#### DATA FOR THIS EXERCISE
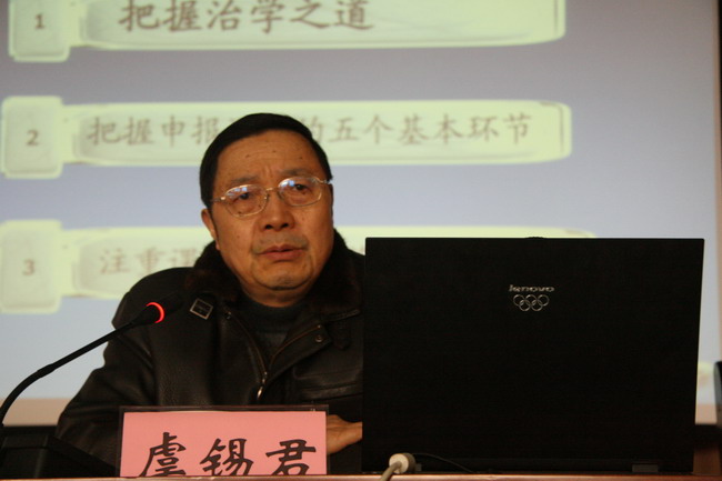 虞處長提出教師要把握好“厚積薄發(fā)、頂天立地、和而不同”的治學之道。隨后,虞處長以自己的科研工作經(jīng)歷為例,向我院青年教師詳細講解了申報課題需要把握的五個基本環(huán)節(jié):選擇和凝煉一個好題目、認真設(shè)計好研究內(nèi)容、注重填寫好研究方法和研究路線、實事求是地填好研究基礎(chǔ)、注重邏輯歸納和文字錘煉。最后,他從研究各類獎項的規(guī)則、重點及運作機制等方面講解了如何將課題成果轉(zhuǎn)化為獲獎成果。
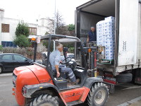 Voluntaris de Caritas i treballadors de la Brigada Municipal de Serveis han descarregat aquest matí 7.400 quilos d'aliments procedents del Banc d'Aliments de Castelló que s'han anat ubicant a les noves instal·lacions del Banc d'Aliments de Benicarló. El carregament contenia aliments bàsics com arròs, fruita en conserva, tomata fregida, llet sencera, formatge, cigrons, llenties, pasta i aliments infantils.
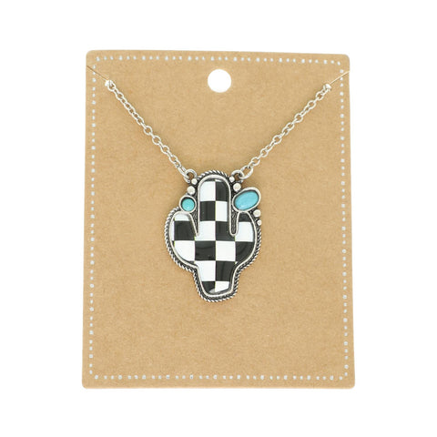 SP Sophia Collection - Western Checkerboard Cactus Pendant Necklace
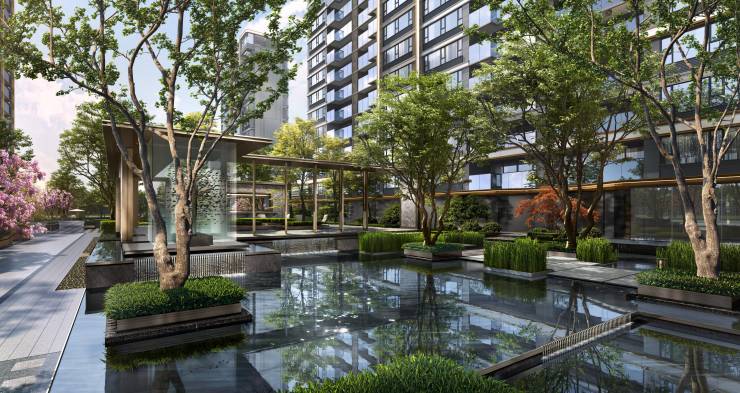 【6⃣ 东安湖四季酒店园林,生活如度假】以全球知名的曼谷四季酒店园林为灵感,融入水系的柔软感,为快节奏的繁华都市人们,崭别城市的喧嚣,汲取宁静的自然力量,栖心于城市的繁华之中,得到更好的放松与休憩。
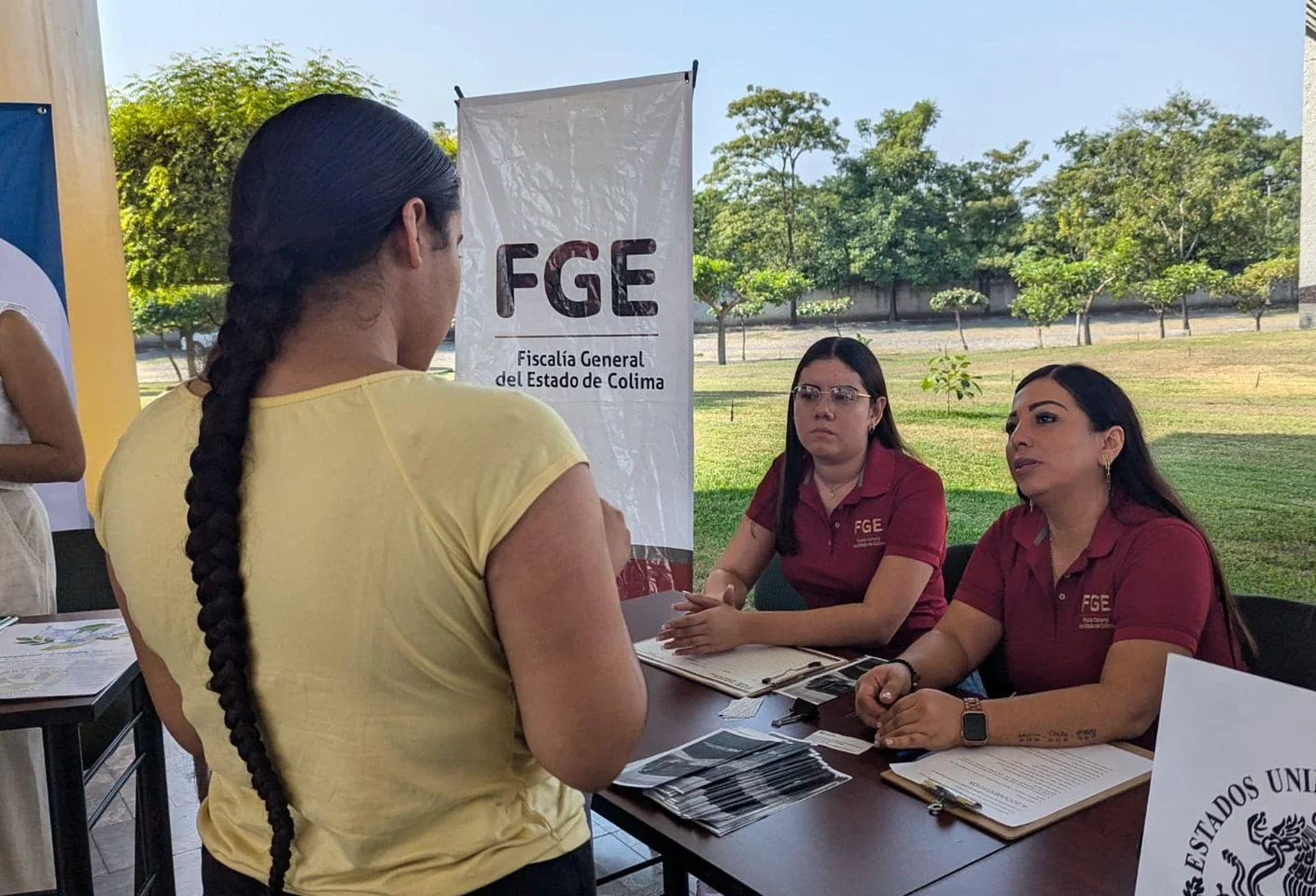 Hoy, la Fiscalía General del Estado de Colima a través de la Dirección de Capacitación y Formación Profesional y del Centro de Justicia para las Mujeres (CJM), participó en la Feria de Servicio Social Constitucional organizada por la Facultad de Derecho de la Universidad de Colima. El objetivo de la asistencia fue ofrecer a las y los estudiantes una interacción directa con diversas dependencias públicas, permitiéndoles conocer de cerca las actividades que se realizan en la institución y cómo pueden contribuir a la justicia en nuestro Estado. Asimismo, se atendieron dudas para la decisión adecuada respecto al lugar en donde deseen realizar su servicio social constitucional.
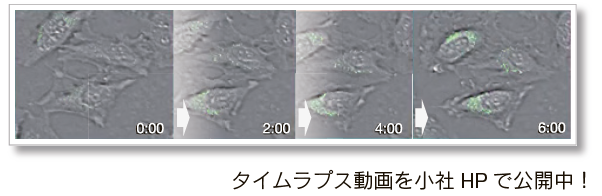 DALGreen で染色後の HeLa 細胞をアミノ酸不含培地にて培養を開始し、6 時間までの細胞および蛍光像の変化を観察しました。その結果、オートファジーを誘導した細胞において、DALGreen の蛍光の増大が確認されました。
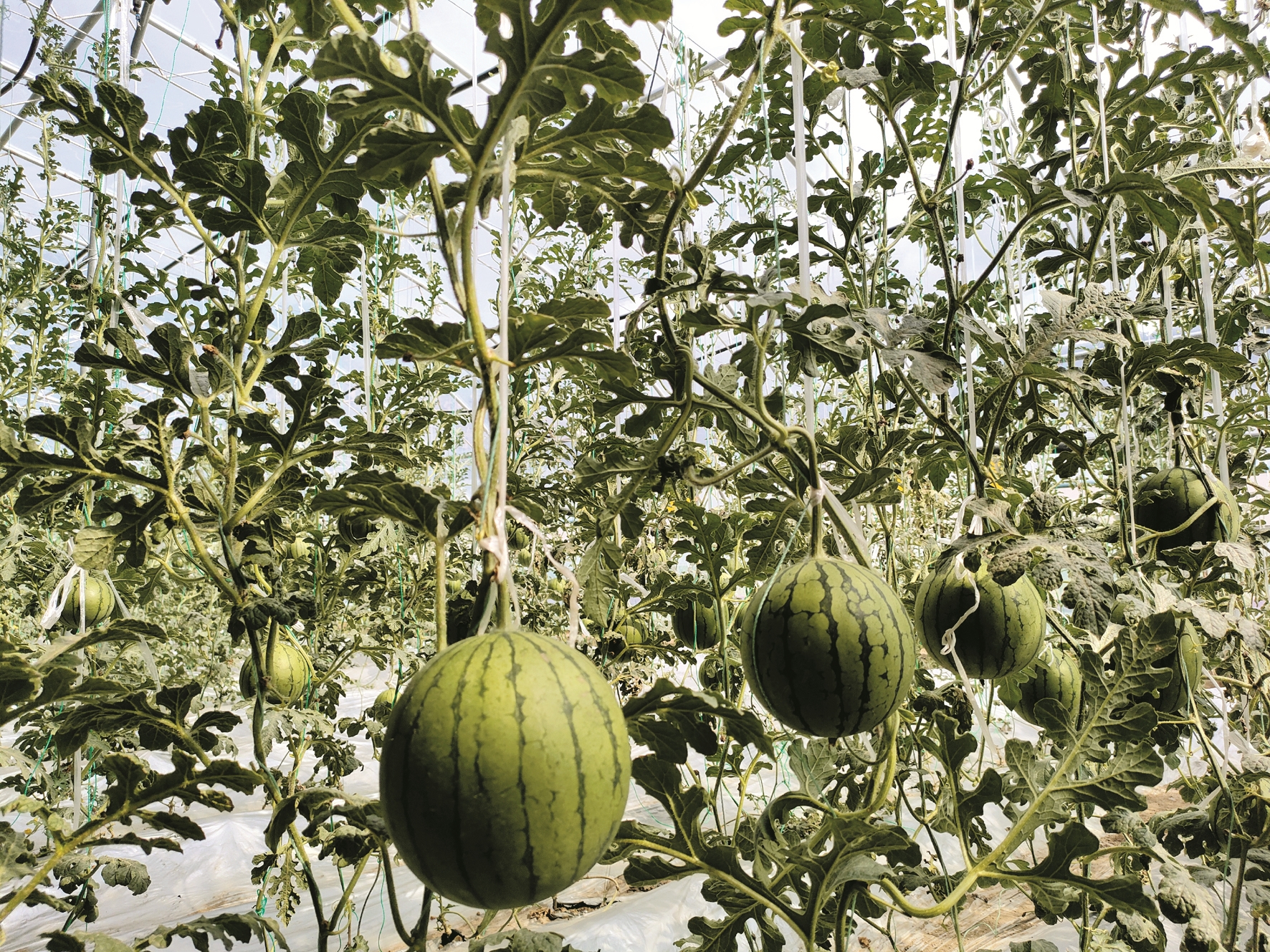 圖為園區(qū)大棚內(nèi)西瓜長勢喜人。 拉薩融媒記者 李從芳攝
########
• WHAT TO PRODUCE
Copy nothing but the lines from the top of the data down to the line containing "SP Sophia Collection", and leave the pictures out.

• ANSWER SECTION
 虞處長提出教師要把握好“厚積薄發(fā)、頂天立地、和而不同”的治學之道。隨后,虞處長以自己的科研工作經(jīng)歷為例,向我院青年教師詳細講解了申報課題需要把握的五個基本環(huán)節(jié):選擇和凝煉一個好題目、認真設(shè)計好研究內(nèi)容、注重填寫好研究方法和研究路線、實事求是地填好研究基礎(chǔ)、注重邏輯歸納和文字錘煉。最后,他從研究各類獎項的規(guī)則、重點及運作機制等方面講解了如何將課題成果轉(zhuǎn)化為獲獎成果。
 Voluntaris de Caritas i treballadors de la Brigada Municipal de Serveis han descarregat aquest matí 7.400 quilos d'aliments procedents del Banc d'Aliments de Castelló que s'han anat ubicant a les noves instal·lacions del Banc d'Aliments de Benicarló. El carregament contenia aliments bàsics com arròs, fruita en conserva, tomata fregida, llet sencera, formatge, cigrons, llenties, pasta i aliments infantils.
 SP Sophia Collection - Western Checkerboard Cactus Pendant Necklace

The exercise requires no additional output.